— Exercise instructions —
Once the pictures are removed, restate the listing word for word.

— Source data —
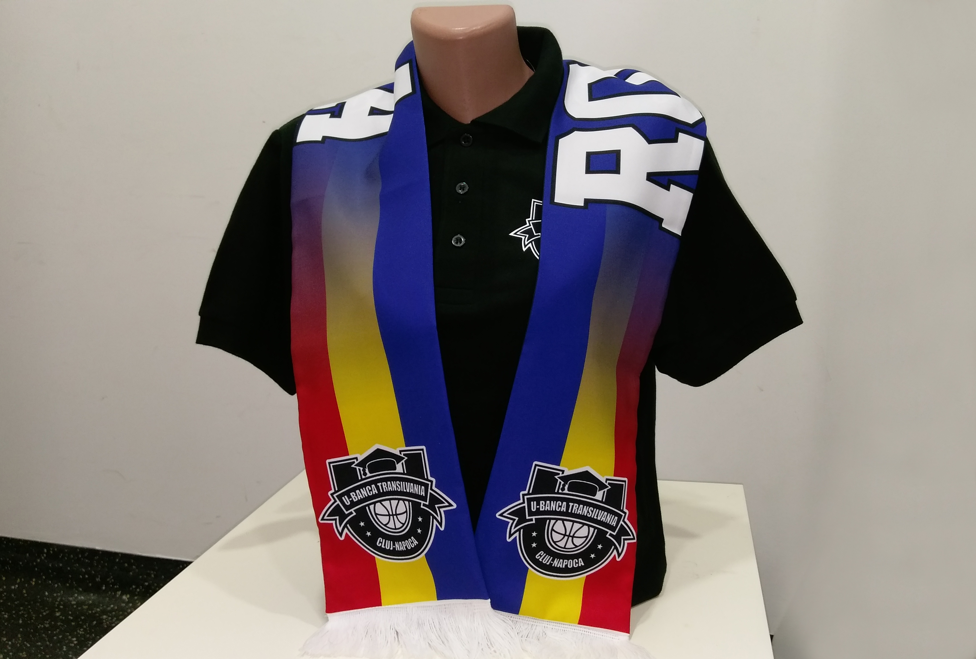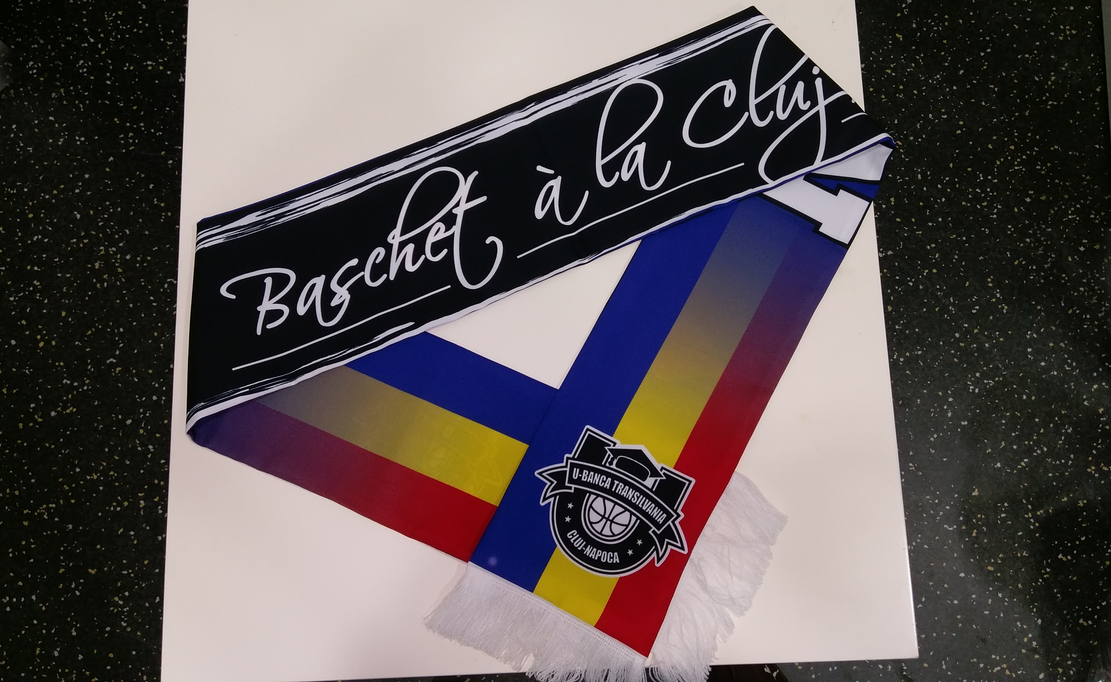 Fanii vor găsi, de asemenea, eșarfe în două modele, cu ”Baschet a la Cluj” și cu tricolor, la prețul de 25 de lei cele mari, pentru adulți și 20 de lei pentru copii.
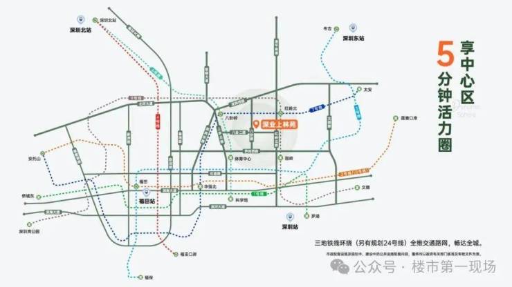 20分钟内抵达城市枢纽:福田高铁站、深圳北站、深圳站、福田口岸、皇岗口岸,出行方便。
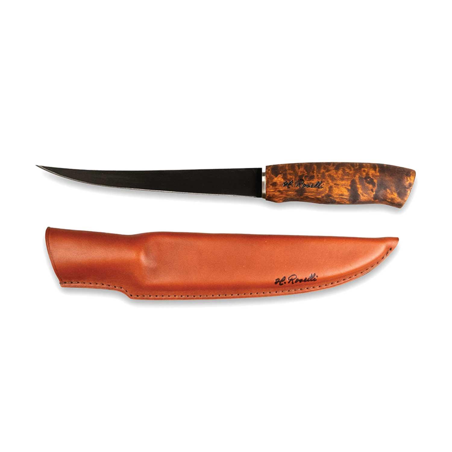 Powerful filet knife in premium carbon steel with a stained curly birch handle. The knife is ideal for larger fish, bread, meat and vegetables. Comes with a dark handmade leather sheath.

— Written solution —
 Fanii vor găsi, de asemenea, eșarfe în două modele, cu ”Baschet a la Cluj” și cu tricolor, la prețul de 25 de lei cele mari, pentru adulți și 20 de lei pentru copii.
 20分钟内抵达城市枢纽:福田高铁站、深圳北站、深圳站、福田口岸、皇岗口岸,出行方便。
 Powerful filet knife in premium carbon steel with a stained curly birch handle. The knife is ideal for larger fish, bread, meat and vegetables. Comes with a dark handmade leather sheath.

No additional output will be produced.